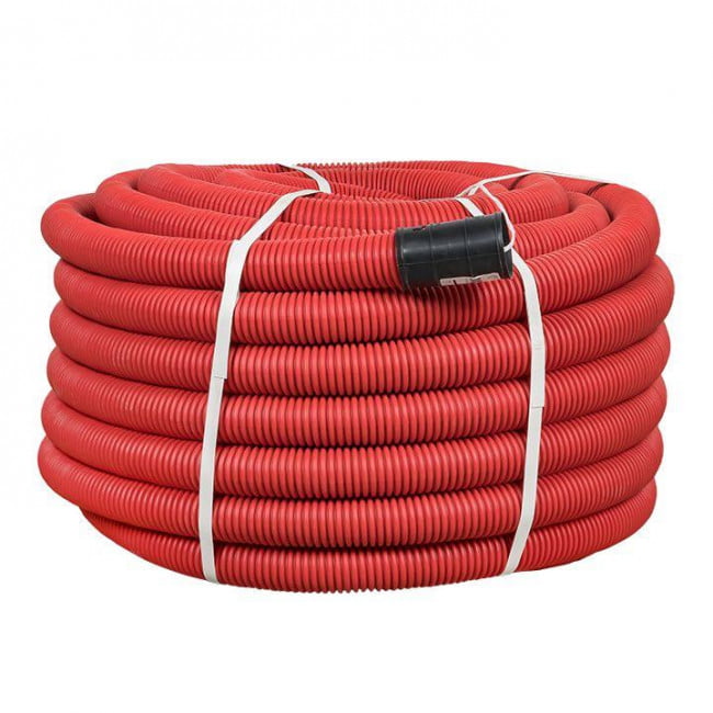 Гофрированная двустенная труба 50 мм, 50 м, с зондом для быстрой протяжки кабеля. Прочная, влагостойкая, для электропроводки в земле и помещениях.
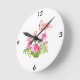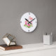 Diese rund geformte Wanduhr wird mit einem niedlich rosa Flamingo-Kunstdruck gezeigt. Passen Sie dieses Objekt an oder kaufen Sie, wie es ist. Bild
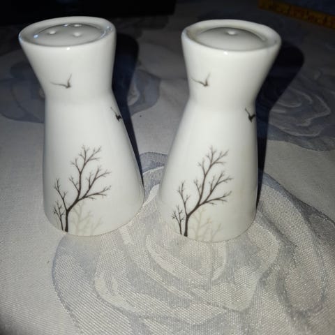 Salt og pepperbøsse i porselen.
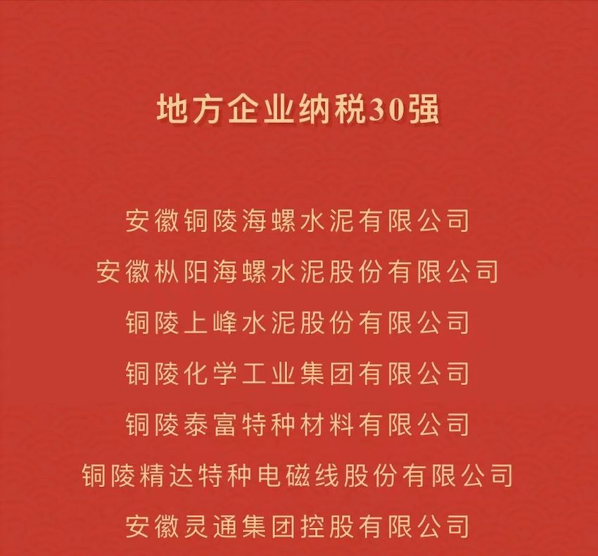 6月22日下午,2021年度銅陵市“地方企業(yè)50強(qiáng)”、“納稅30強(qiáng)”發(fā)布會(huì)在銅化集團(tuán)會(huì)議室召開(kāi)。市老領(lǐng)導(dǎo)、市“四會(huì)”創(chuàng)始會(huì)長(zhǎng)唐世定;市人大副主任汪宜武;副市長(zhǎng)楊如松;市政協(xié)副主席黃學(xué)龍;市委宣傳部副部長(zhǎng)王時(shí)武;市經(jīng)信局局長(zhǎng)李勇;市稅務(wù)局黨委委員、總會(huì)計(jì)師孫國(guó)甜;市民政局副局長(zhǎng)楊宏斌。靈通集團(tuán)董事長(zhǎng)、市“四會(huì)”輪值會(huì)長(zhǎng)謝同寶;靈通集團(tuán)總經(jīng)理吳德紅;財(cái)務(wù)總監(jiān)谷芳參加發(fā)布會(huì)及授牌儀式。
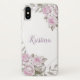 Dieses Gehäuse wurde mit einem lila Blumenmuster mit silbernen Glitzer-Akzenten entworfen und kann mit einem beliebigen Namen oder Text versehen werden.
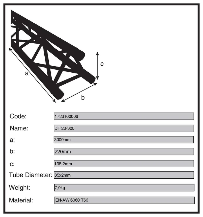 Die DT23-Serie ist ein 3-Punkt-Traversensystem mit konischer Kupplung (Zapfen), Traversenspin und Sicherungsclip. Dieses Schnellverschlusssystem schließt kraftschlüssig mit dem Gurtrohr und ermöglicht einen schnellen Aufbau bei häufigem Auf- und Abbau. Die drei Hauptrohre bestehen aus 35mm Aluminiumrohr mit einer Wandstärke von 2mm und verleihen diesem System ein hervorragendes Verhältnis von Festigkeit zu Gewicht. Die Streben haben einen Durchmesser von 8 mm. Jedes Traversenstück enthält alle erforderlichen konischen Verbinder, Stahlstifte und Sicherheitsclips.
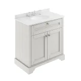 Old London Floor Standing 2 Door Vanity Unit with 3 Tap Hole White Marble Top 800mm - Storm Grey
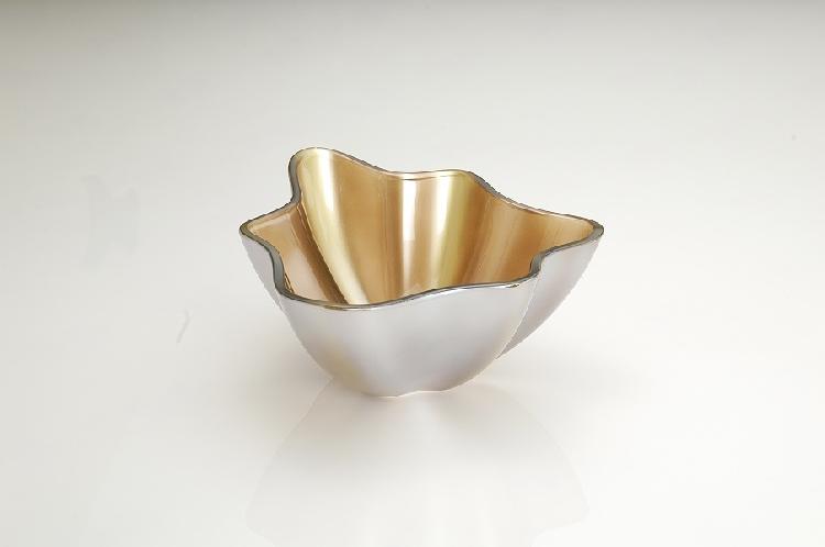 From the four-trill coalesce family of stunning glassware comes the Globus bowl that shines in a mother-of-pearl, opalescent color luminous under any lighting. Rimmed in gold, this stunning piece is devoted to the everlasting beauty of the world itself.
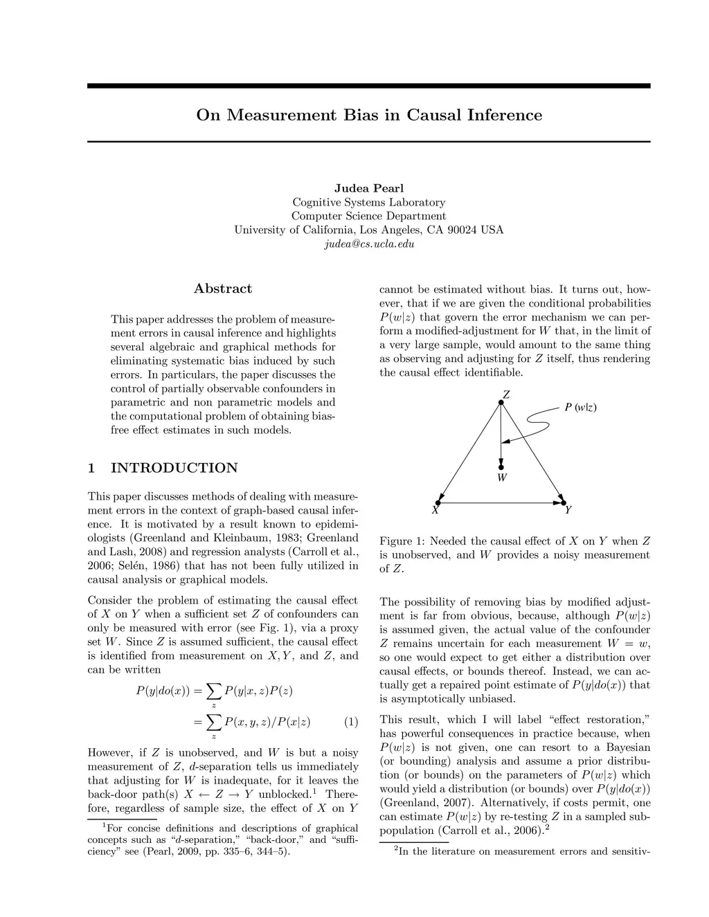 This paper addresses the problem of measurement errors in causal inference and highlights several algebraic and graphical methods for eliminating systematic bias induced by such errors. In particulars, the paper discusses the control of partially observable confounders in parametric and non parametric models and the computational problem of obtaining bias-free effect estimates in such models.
=======
Assignment:
Output all of the data word for word, excluding any pictures.

Result of this task:
 Гофрированная двустенная труба 50 мм, 50 м, с зондом для быстрой протяжки кабеля. Прочная, влагостойкая, для электропроводки в земле и помещениях.
 Diese rund geformte Wanduhr wird mit einem niedlich rosa Flamingo-Kunstdruck gezeigt. Passen Sie dieses Objekt an oder kaufen Sie, wie es ist. Bild
 Salt og pepperbøsse i porselen.
 6月22日下午,2021年度銅陵市“地方企業(yè)50強(qiáng)”、“納稅30強(qiáng)”發(fā)布會(huì)在銅化集團(tuán)會(huì)議室召開(kāi)。市老領(lǐng)導(dǎo)、市“四會(huì)”創(chuàng)始會(huì)長(zhǎng)唐世定;市人大副主任汪宜武;副市長(zhǎng)楊如松;市政協(xié)副主席黃學(xué)龍;市委宣傳部副部長(zhǎng)王時(shí)武;市經(jīng)信局局長(zhǎng)李勇;市稅務(wù)局黨委委員、總會(huì)計(jì)師孫國(guó)甜;市民政局副局長(zhǎng)楊宏斌。靈通集團(tuán)董事長(zhǎng)、市“四會(huì)”輪值會(huì)長(zhǎng)謝同寶;靈通集團(tuán)總經(jīng)理吳德紅;財(cái)務(wù)總監(jiān)谷芳參加發(fā)布會(huì)及授牌儀式。
 Dieses Gehäuse wurde mit einem lila Blumenmuster mit silbernen Glitzer-Akzenten entworfen und kann mit einem beliebigen Namen oder Text versehen werden.
 Die DT23-Serie ist ein 3-Punkt-Traversensystem mit konischer Kupplung (Zapfen), Traversenspin und Sicherungsclip. Dieses Schnellverschlusssystem schließt kraftschlüssig mit dem Gurtrohr und ermöglicht einen schnellen Aufbau bei häufigem Auf- und Abbau. Die drei Hauptrohre bestehen aus 35mm Aluminiumrohr mit einer Wandstärke von 2mm und verleihen diesem System ein hervorragendes Verhältnis von Festigkeit zu Gewicht. Die Streben haben einen Durchmesser von 8 mm. Jedes Traversenstück enthält alle erforderlichen konischen Verbinder, Stahlstifte und Sicherheitsclips.
 Old London Floor Standing 2 Door Vanity Unit with 3 Tap Hole White Marble Top 800mm - Storm Grey
 From the four-trill coalesce family of stunning glassware comes the Globus bowl that shines in a mother-of-pearl, opalescent color luminous under any lighting. Rimmed in gold, this stunning piece is devoted to the everlasting beauty of the world itself.
 This paper addresses the problem of measurement errors in causal inference and highlights several algebraic and graphical methods for eliminating systematic bias induced by such errors. In particulars, the paper discusses the control of partially observable confounders in parametric and non parametric models and the computational problem of obtaining bias-free effect estimates in such models.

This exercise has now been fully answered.